In this first week of the E-Learning 3.0 MOOC, Stephen Downes has shared a video introduction to the course (see https://el30.mooc.ca/course_activity_centre.htm ) and also recorded a video of a conversation he had with George Siemens. This was really enjoyable to watch.
It has been ten years since Stephen and George offered the first ever MOOC on connectivism, which for me (without wanting to sound too dramatic) was a life-changing experience. On the back of that course I established myself as an independent education consultant and researcher, which ultimately led to a PhD by publication. More important than this was that it led to connections with people with whom I am still in contact and who are now personal friends. As George said, that first MOOC, CCK08, The Connectivism and Connective Knowledge Course came at a time of mass explosion of technology, extensive innovation and the emergence of shared intelligence. But, as George said, after this initial excitement, the last five years has felt a bit like a wilderness and many of the initial aspirations for a democratic open web have not been realised.

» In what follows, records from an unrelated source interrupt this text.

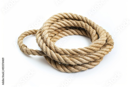 A neatly coiled rope, expertly tied and ready for use, set against a clean white background. The rope's texture and intricate knots are showcased in high detail.
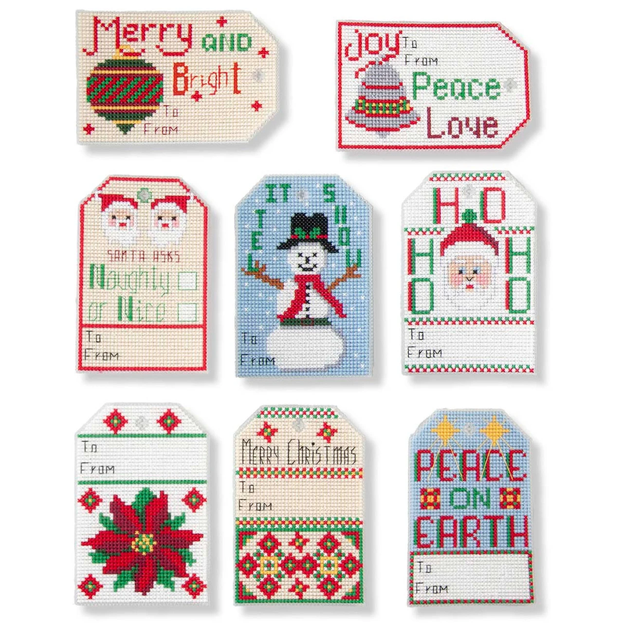Wow family and friends with beautifully wrapped gifts labeled with a hand-stitched tag. Counted cross-stitch kit includes 14-ct. plastic canvas, cotton floss, floss organizer, and needle. 3 × 4″ (7.6 x 10.2cm). Set of eight. Imported.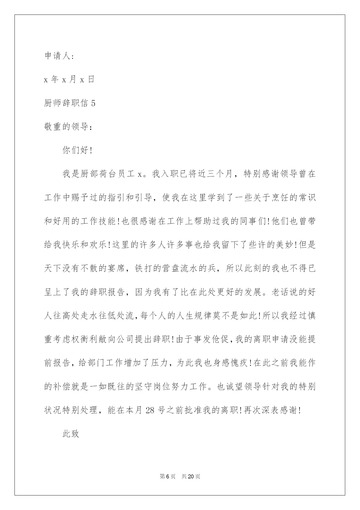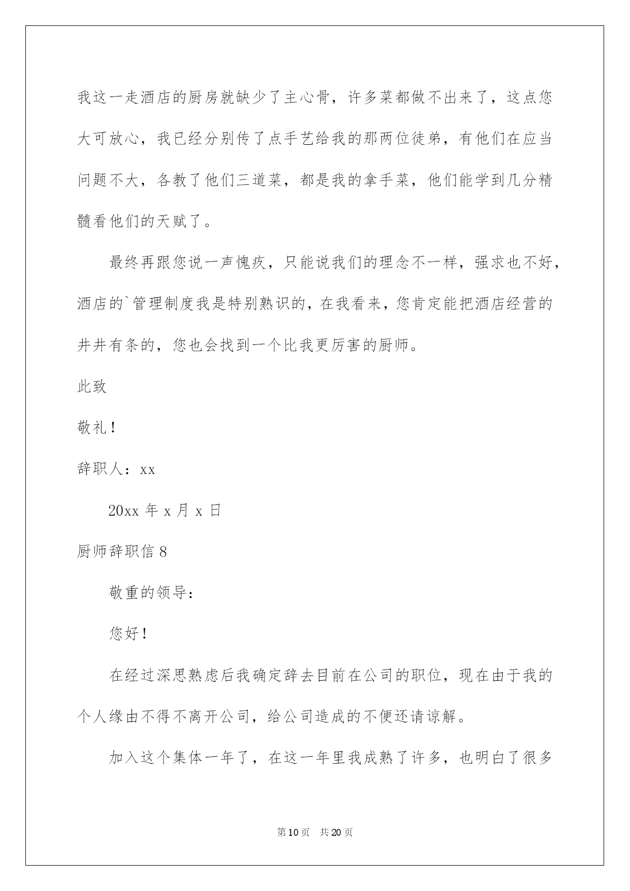 第PAGE\*Arabic\*MERGEFORMAT20页共NUMPAGES\*Arabic\*MERGEFORMAT20页第PAGE\*MERGEFORMAT20页共NUMPAGES\*MERGEFORMAT20页第PAGE\*MERGEFORMAT20页共NUMPAGES\*MERGEFORMAT20页第PAGE\*MERGEFORMAT20页共NUMPAGES\*MERGEFORMAT20页第PAGE\*MERGEFORMAT20页共NUMPAGES\*MERGEFORMAT20页第PAGE\*MERGEFORMAT20页共NUMPAGES\*MERGEFORMAT20页第PAGE\*MERGEFORMAT20页共NUMPAGES\*MERGEFORMAT20页第PAGE\*MERGEFORMAT20页共NUMPAGES\*MERGEFORMAT20页第PAGE\*MERGEFORMAT20页共NUMPAGES\*MERGEFORMAT20页第PAGE\*MERGEFORMAT20页共NUMPAGES\*MERGEFORMAT20页第PAGE\*MERGEFORMAT20页共NUMPAGES\*MERGEFORMAT20页2022厨师辞职信厨师辞职信15篇在现在这个社会,职场人才流淌是很正常的事情,某种状况下,我们会告辞公司,这也意味着,须要写辞职信了。是不是苦于写不出正规的辞职信呢?下面是我细心整理的厨师辞职信,供大家参考借鉴,希望可以帮助到有须要的挚友。厨师辞职信1敬重的领导:您好!首先感谢您在百忙当中抽出时间阅读我的辞职信。我是怀着非常困难的心情写这封的。自从我进了食堂以后,由于你对我的指导和信任,使我取得了许多机遇和挑战。经过这段时间在食堂的工作,我从中学到了许多学问,积累了肯定的阅历,对此我深表感谢。由于我本身工作实力不足,近期的工作让我觉得力不从心,为此我作了很长时间的思索,我确定递上辞呈。为了不由于我个人实力不足的缘由影响了食堂的正常运作,更迫切的缘由是我必需在20xx年x月后参与计算机等级证的培训,较长时间内都不能上班,所以经过深思熟虑以后,我确定在20xx年x月前辞往而我在食堂的工作。我知道这个进程中会给你带来肯定程度上的不便,但是我也很缺憾不能接着工作,很感谢你和食堂各位同事对我的教育和照看,在食堂这段经验对我而言异样的宝贵。将来不管甚么时候,我都会以自己曾是食堂的一员而感到荣幸。我确信在食堂的工作历程将是我整个职业生涯发展中相当重要的部份。祝食堂领导和各位同事身体健康、工作顺当!此致敬礼辞职人:xxx20xx年x月x日厨师辞职信2敬重的公司领导:你们好!我是xx厨师xx。这个月的七月二日是我来海外xx工作满五年的日子,回首这五年的点点滴滴,一张又一张熟识的脸庞,无论是遇到的领导,或者服务过的员工,还有十多位兄弟般的同事,都在眼前出现,更多的是很感谢之情和精彩的画面。五年的海外生活,更多的是收获,无论是金钱,幻想,价值还是理想,都让我得到扎扎实实的升华,欣慰之余,唯一愧疚的是对家人的爱,特殊是对两个孩子的内疚,我想,做为父亲,不能陪伴在他们童年成长的脚步里,是任何东西都无法弥补的。很感谢像你们一样一个又一个我遇到过的领导对我的关切,帮助,信任和确定,让我在印度这五年经验过许多挑战,肩负过好几次的重托,老板都说过,将军是打出来的,我想,在回到家乡的人生道路上,我所学会和拥有的这些阅历和品质,确定能派上用场。深深的很感谢你们!!下这样一个辞职的艰难确定真的很不简单,和家人,父母,不断沟通,还有孩子,甚至听取了其他城市的同事的看法,经过这一个月的深思熟虑,今日我最终下定决心,鼓起志气,为自己的人生又一次重大的转折做出无愿无悔的选择:辞职。我的签证七月二十二日到期,上次注册地从xx转过来xx还没搞定,估计延期胜利的话要到八月底了,知道现在人手惊慌,我会耐性的等待你们的支配,剩下的日子里,工作上我依旧会一如既往的努力和负责,这点请你们放心.期盼拿到回国的单程机票的那天。为谢!!此致敬礼!辞职申请人:xxx20xx年x月x日厨师辞职信3敬重的领导:你们好!我是厨部荷台员工xx。我入职已将近三个月,特别感谢领导曾在工作中赐予过的指引和引导,使我在这里学到了一些关于烹饪的常识和好用的工作技能!也很感谢在工作上帮助过我的同事们!他们也曾带给我快乐和欢乐!这里的许多人许多事也给我留下了些许的美妙!但是天下没有不散的宴席,铁打的营盘流水的兵,所以此刻的我也不得已呈上了我的辞职报告!因为我有了比在此处更好的发展。老话说的好人往高处走水往低处流,每个人的人生规律莫不是如此

However, neither George nor Stephen has given up on their initial aspirations to democratise learning. Both think we are now entering an era of deepening understanding of learning. Each has approached this differently, although they both feel that connectivism continues to be relevant, if not even more relevant, to how we learn in a technological age, as technology becomes more prominent.

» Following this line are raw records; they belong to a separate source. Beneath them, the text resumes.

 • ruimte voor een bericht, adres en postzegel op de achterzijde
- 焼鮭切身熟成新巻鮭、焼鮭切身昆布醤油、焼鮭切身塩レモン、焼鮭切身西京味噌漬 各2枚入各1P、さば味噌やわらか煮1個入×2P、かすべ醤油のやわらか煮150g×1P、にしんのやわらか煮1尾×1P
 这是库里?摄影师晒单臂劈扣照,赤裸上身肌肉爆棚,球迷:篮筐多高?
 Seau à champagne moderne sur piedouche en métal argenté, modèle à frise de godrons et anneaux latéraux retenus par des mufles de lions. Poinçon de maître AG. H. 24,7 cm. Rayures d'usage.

Stephen asked George to tell us what is his current work focus. What are the issues that concern him? This was where the discussion became fascinating. It centred around what it means to be human and what is human intelligence in a world where machines can learn just as we do. For Stephen there isn’t anything that is uniquely human. Anything organised in the right way can learn. If we can learn, machines can too; if we can come up with ethics so can computers. Computers can always learn more than we can. Unlike us, they don’t get tired and improve with more data. Machines are equally as smart as us. So, George asked, why are we teaching in a counter-intuitive way when systems/machines can do it so much more efficiently and in 50 years time we will all be working with robots?

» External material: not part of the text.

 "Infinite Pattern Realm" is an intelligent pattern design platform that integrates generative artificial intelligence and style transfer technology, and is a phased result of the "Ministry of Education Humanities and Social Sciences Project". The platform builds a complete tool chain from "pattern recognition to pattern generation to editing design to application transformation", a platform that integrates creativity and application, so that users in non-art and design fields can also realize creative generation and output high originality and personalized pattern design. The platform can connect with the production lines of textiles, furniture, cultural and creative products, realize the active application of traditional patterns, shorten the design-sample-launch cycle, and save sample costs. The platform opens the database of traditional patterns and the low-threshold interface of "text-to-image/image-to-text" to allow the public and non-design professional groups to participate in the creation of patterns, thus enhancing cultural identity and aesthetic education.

Grappling with these questions, George is looking for what is uniquely human. He sees this as ‘being-ness’. I have heard him talk about this before to Neil Selwyn, and earlier this year wrote a blog post about their discussion – Skills for ‘Being’ in a Digital Age . Stephen thinks ‘being’ is too fuzzy a concept to be useful, although ‘being’ seems to have exercised the minds of many a past philosopher, not least Heidegger. Despite this, I think Stephen nailed it when he said, ‘the most consequential things can’t be measured’. Perhaps, as Stephen suggested, ‘being’ can be recognised (without being measured, defined or articulated) in such qualities as ‘goodness’. We can probably think of similar qualities that it is hard to imagine a machine learning. George suggested that to understand ‘being’ we might need to return to traditional contemplative practices.
My current thinking is that ‘being’ is one of those ideas that cannot be made explicit without losing its meaning. It is something that we ‘know’, intuitively and empathically, without having to articulate it, and this knowledge is unique to each and every one of us. It is this that makes us different from machines.
This was a great discussion to have at the start of the course.